Out now: The Video Vortex Reader


The Video Vortex Reader is a new collection of critical essays on online video, edited by Geert Lovink and Sabine Niederer published by the Institute of Network Cultures. It has just been launched, and it’s available for free download as a pdf!

The Video Vortex Reader is the first collection of critical texts to deal with the rapidly emerging world of online video – from its explosive rise in 2005 with YouTube, to its future as a significant form of personal media.

After years of talk about digital convergence and crossmedia platforms we now witness the merger of the Internet and television at a pace no-one predicted. These contributions from scholars, artists and curators evolved from the first two Video Vortex conferences in Brussels and Amsterdam in 2007 which focused on responses to YouTube, and address key issues around independent production and distribution of online video content. What does this new distribution platform mean for artists and activists? What are the alternatives?

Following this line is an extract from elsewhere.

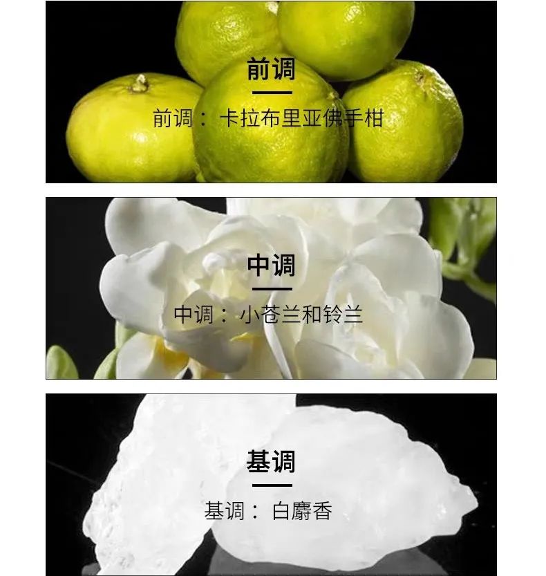 前调:卡拉布力亚佛手柑,甜中带水果香气的新鲜感,开启你的嗅觉,一如青涩的初恋。
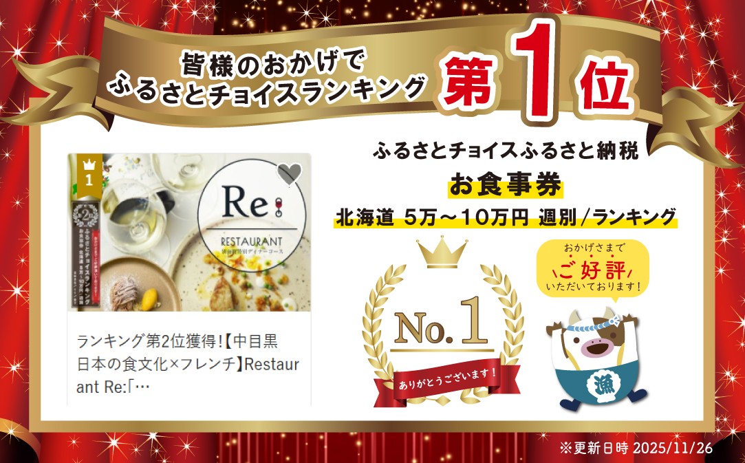 御礼!ランキング第1位獲得!【中目黒 日本の食文化×フレンチ】Restaurant Re:「別海町特別ディナー」食事券1名様【CC0000157】( ふるさと納税 レストラン ディナー ふるさと納税 レストラン ランチ コース料理 ふるさと納税 食事 ふるさと納税 食事券 東京 ふるさと 食事券 ふるさと 食事 ふるさと 食事券 東京 ふるさと納税 東京 食事券 ふるさと納税 チケット )

Contributors: Tilman Baumgärtel, Jean Burgess, Dominick Chen, Sarah Cook, Sean Cubitt, Stefaan Decostere, Thomas Elsaesser, David Garcia, Alexandra Juhasz, Nelli Kambouri and Pavlos Hatzopoulos, Minke Kampman, Seth Keen, Sarah Késenne, Marsha Kinder, Patricia Lange, Elizabeth Losh, Geert Lovink, Andrew Lowenthal, Lev Manovich, Adrian Miles, Matthew Mitchem, Sabine Niederer, Ana Peraica, Birgit Richard, Keith Sanborn, Florian Schneider, Tom Sherman, Jan Simons, Thomas Thiel, Vera Tollmann, Andreas Treske, Peter Westenberg.

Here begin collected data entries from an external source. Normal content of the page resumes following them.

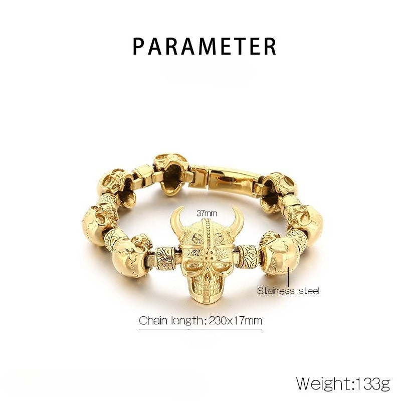 Kemstone Skull Bracelet for Men Titanium Steel Chunky Chain Heavy Punk Style Silver Gold KB209644-KJX
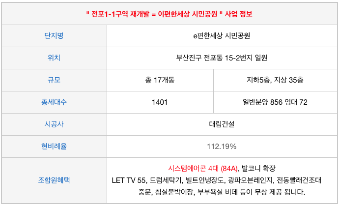 전포1-1구역 재개발 = 이편한세상 시민공원 조합원 입주권 |
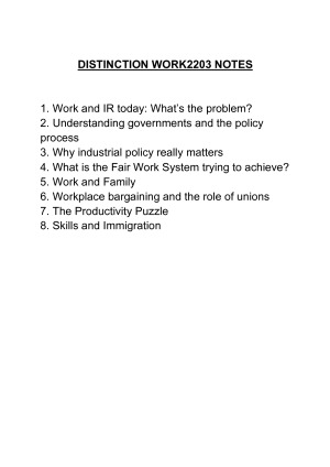 These are the WORK2203 notes that I made using the lecture notes, the set textbook and some of the readings set in class. Note structure follows the Unit Schedule 1. Work and IR today: Whats the problem? 2. Understanding governments and the policy process 3. Why industrial policy really matters 4. What is the Fair Work System trying to achieve? 5. Work and Family 6. Workplace bargaining and the role of unions 7. The Productivity Puzzle 8. Skills and Immigration

That’s a very good line-up of scholars and practitioners coming from a range of disciplinary perspectives, so check it out.

I have a chapter in it called ‘All Your Chocolate Rain Are Belong to Us? Viral Video, YouTube and the Dynamics of Participatory Culture.’ I used the creative activity that occurred around two of the most popular videos of 2007 – Chocolate Rain and Guitar – to reconsider the dynamics of popular culture in YouTube, according to a distributed and participatory framework rather than a ‘producerly’ one.